I started with one wood poppy in very good soil, partial sun, zone 6-7. It has self-seeded with abandon (a seed pod has many many seeds in it) and I find babies all over the garden. I learned to pinch off the seed heads before they could open, when I have time and can find the seed heads. The plants flower wonderfully in the spring and sporadically later, although I'm going to try deadheading more to see if they will flower more. If they would flower during the July boring season, that would be just super. They are very strong big plants in my yard and have not been touched by our voracious deer, which is a huge plus for me. When transplanted they need lots of water at first but have been hardy afterwards. Mine have never wilted out or gone dormant in the Washington, DC area's heat... read more


On Jun 21, 2010, bloomhardy from Mcminnville, OR wrote:

I planted three plants in a semi-shaded area at least 5 years ago. They are a welcome bright spot in spring and look beautiful. By mid-June the bloom has slowed and the leaves are looking tired, so I cut them back nearly to the ground. They rebound and bloom again, though less prolifically. In the heat of summer they die back and I don't see them again until spring. I have had zero reseeding, which is good, because I don't appreciate garden thugs.
The neutral rating is from the periods of recovery when it is not as attractive, and the mild itching if I allow the sap to get on my bare skin when shearing back.

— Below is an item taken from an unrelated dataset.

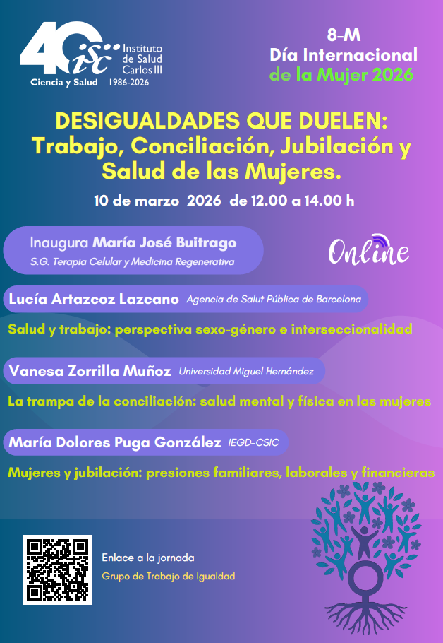 • (10/03/2026) Acto conmemorativo por el Día Internacional de la Mujer: “Desigualdades que duelen: Trabajo, Conciliación, Jubilación y Salud de las Mujeres”. Enlace a la Grabación de la Jornada

On Jan 12, 2010, yotedog from Raleigh, NC wrote:

One of my absolute favorite plants over the years. Such a cheerful, happy bloom, with almost no care. Several sources note that it may go dormant during hot, dry weather, but will return in the spring. So don't give up on it! Mine is in dry shade, does not self-seed readily, presumably due to the dryness, but does return and bloom dependably.


On May 29, 2009, EffieH from Amston, CT (Zone 6b) wrote:

My husband & I found some of these growing wild and transplanted a few to our yard in Eastern Connecticut about 15 years ago -- we put them under an apple tree near an old stone wall -- over the years they have very gradually filled in the area under the apple tree and are now starting to spread down the yard along the wall -- they are just gorgeous in bloom, and once the flowers are gone they have attractive seed pods and the foilage is very attractive, too. We just love them. They bloom at the same time as a lovely pink azalea that is near them and the yellow and pink colors are just gorgeous. I just missed getting a photo of them in bloom -- I'll see if I can get a good one of the foilage and seed pods.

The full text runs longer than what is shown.